[Source data]
● ● ● ● ● ● ●

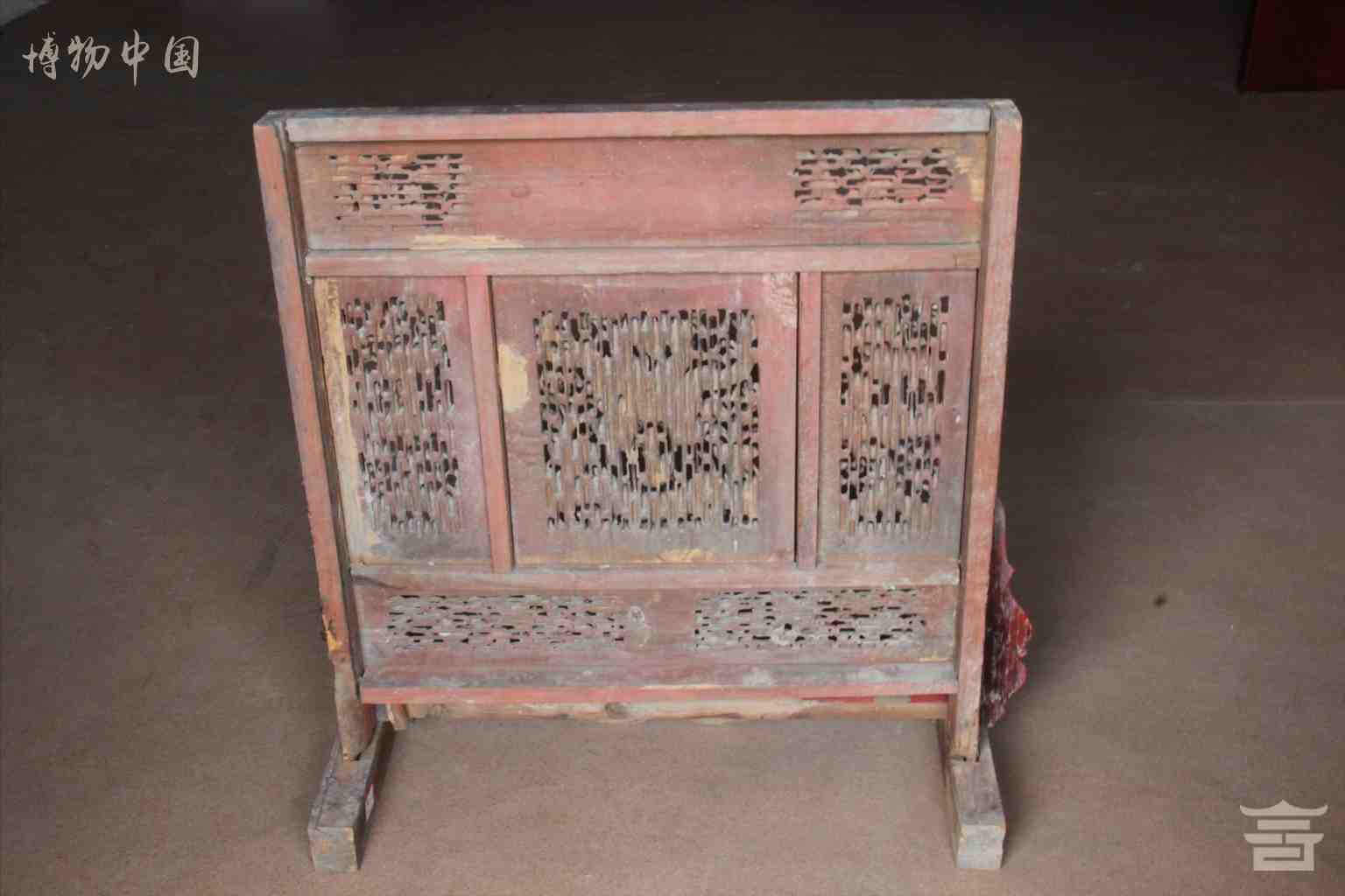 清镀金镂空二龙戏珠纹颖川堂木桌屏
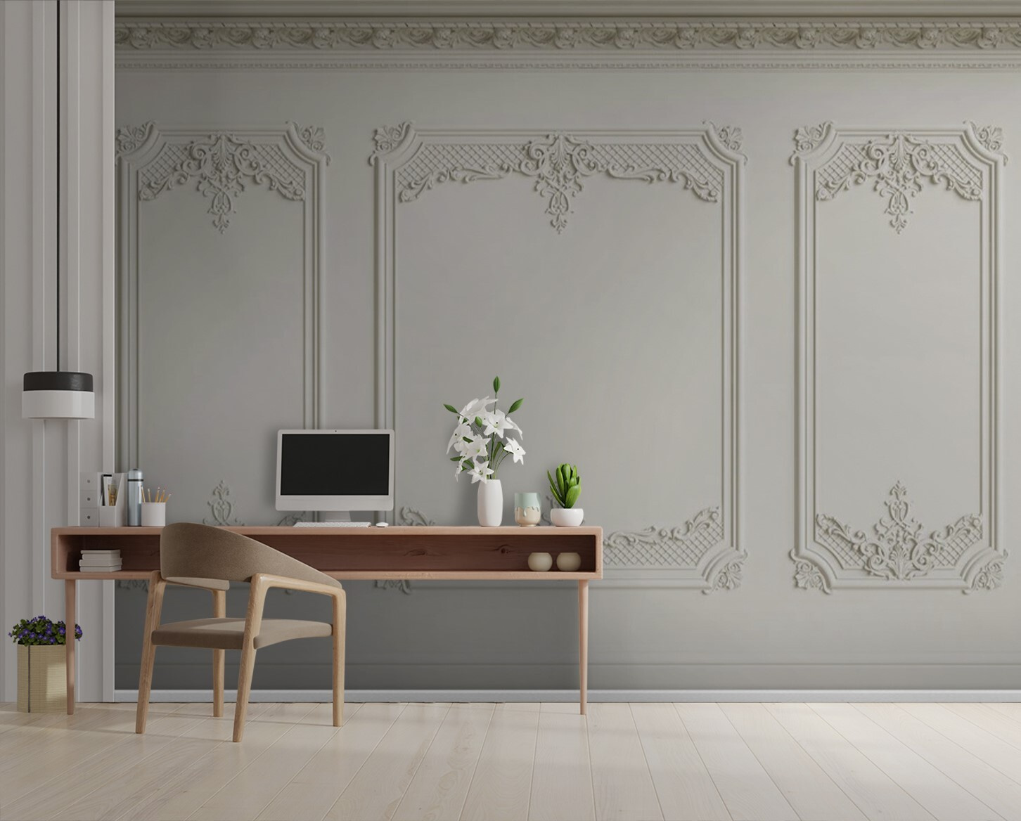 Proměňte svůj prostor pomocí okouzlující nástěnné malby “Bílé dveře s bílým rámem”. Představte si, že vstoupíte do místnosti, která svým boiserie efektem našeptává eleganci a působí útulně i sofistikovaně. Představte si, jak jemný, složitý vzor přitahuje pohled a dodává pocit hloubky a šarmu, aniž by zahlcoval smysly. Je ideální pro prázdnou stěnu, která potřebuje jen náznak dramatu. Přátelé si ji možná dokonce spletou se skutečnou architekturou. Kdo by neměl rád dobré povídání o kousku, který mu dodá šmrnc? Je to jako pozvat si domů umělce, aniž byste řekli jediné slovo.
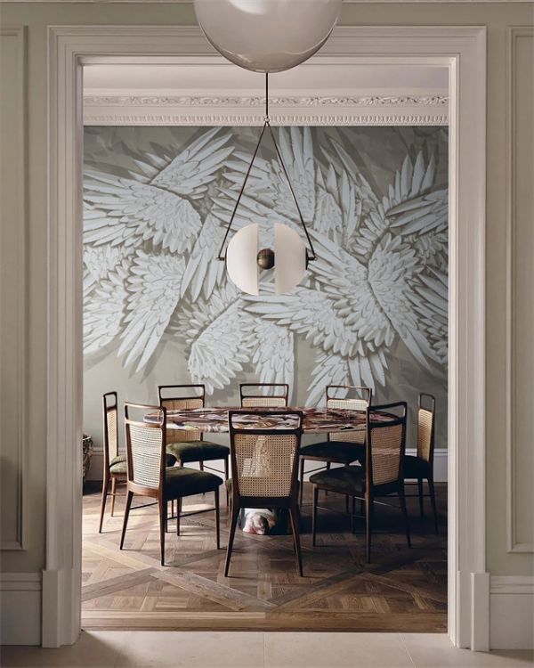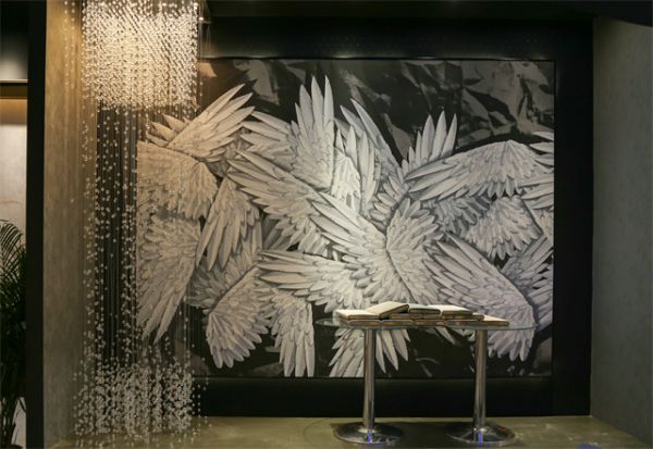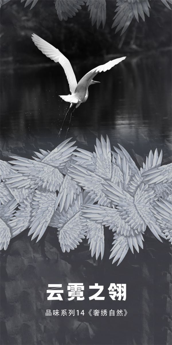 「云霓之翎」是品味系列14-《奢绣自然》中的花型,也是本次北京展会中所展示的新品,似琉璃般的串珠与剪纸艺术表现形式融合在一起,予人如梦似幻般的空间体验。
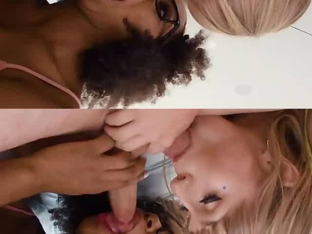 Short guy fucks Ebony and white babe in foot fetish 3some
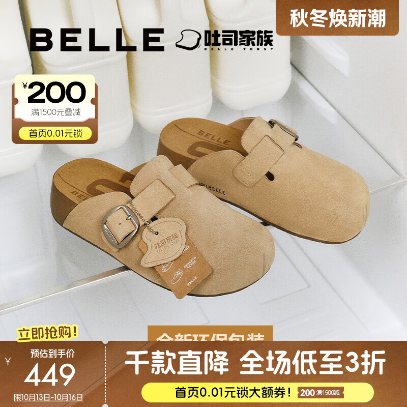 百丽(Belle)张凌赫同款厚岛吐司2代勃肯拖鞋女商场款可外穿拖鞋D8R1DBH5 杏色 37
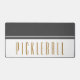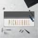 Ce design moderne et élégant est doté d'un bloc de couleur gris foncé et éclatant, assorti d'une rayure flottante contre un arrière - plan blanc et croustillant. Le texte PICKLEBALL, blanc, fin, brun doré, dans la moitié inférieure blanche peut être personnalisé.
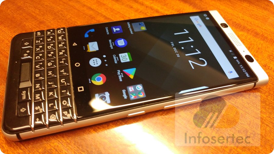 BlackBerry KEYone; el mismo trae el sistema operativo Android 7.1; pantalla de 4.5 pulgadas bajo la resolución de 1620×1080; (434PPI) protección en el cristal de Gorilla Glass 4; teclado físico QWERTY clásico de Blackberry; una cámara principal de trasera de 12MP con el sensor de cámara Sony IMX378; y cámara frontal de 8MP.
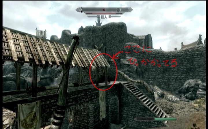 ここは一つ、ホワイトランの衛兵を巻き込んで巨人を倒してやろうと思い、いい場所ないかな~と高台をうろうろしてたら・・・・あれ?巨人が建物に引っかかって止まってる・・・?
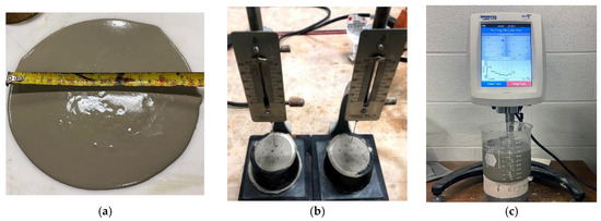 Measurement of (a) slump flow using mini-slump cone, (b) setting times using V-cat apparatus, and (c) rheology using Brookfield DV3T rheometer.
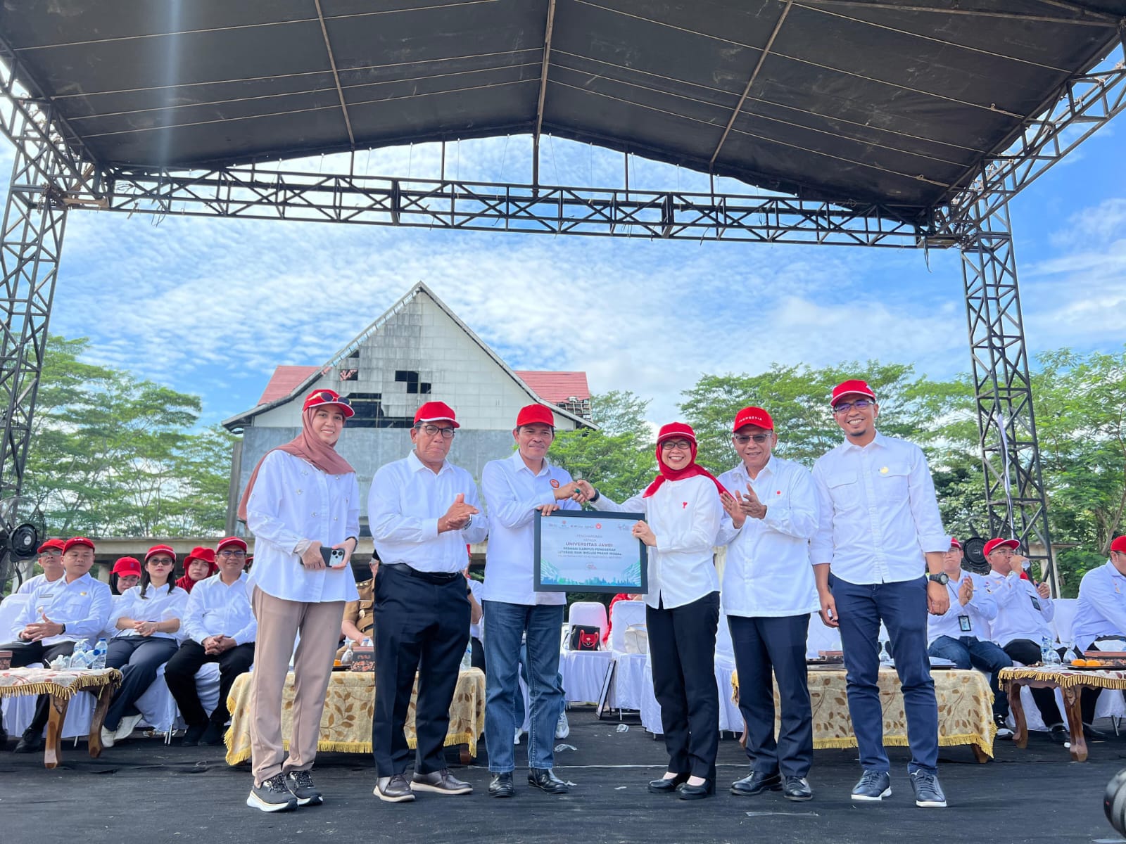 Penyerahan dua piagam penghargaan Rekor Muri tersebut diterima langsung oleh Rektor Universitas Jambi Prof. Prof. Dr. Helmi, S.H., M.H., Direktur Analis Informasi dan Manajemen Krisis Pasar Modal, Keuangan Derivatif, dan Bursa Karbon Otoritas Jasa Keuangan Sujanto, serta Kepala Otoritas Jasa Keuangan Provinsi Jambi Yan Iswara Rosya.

● ● ● ● ● ● ●

## Assigned task:
Each entry should be repeated exactly as it appears; the pictures stay out.

## Written response:
 清镀金镂空二龙戏珠纹颖川堂木桌屏
 Proměňte svůj prostor pomocí okouzlující nástěnné malby “Bílé dveře s bílým rámem”. Představte si, že vstoupíte do místnosti, která svým boiserie efektem našeptává eleganci a působí útulně i sofistikovaně. Představte si, jak jemný, složitý vzor přitahuje pohled a dodává pocit hloubky a šarmu, aniž by zahlcoval smysly. Je ideální pro prázdnou stěnu, která potřebuje jen náznak dramatu. Přátelé si ji možná dokonce spletou se skutečnou architekturou. Kdo by neměl rád dobré povídání o kousku, který mu dodá šmrnc? Je to jako pozvat si domů umělce, aniž byste řekli jediné slovo.
 「云霓之翎」是品味系列14-《奢绣自然》中的花型,也是本次北京展会中所展示的新品,似琉璃般的串珠与剪纸艺术表现形式融合在一起,予人如梦似幻般的空间体验。
 Short guy fucks Ebony and white babe in foot fetish 3some
 百丽(Belle)张凌赫同款厚岛吐司2代勃肯拖鞋女商场款可外穿拖鞋D8R1DBH5 杏色 37
 Ce design moderne et élégant est doté d'un bloc de couleur gris foncé et éclatant, assorti d'une rayure flottante contre un arrière - plan blanc et croustillant. Le texte PICKLEBALL, blanc, fin, brun doré, dans la moitié inférieure blanche peut être personnalisé.
 BlackBerry KEYone; el mismo trae el sistema operativo Android 7.1; pantalla de 4.5 pulgadas bajo la resolución de 1620×1080; (434PPI) protección en el cristal de Gorilla Glass 4; teclado físico QWERTY clásico de Blackberry; una cámara principal de trasera de 12MP con el sensor de cámara Sony IMX378; y cámara frontal de 8MP.
 ここは一つ、ホワイトランの衛兵を巻き込んで巨人を倒してやろうと思い、いい場所ないかな~と高台をうろうろしてたら・・・・あれ?巨人が建物に引っかかって止まってる・・・?
 Measurement of (a) slump flow using mini-slump cone, (b) setting times using V-cat apparatus, and (c) rheology using Brookfield DV3T rheometer.
 Penyerahan dua piagam penghargaan Rekor Muri tersebut diterima langsung oleh Rektor Universitas Jambi Prof. Prof. Dr. Helmi, S.H., M.H., Direktur Analis Informasi dan Manajemen Krisis Pasar Modal, Keuangan Derivatif, dan Bursa Karbon Otoritas Jasa Keuangan Sujanto, serta Kepala Otoritas Jasa Keuangan Provinsi Jambi Yan Iswara Rosya.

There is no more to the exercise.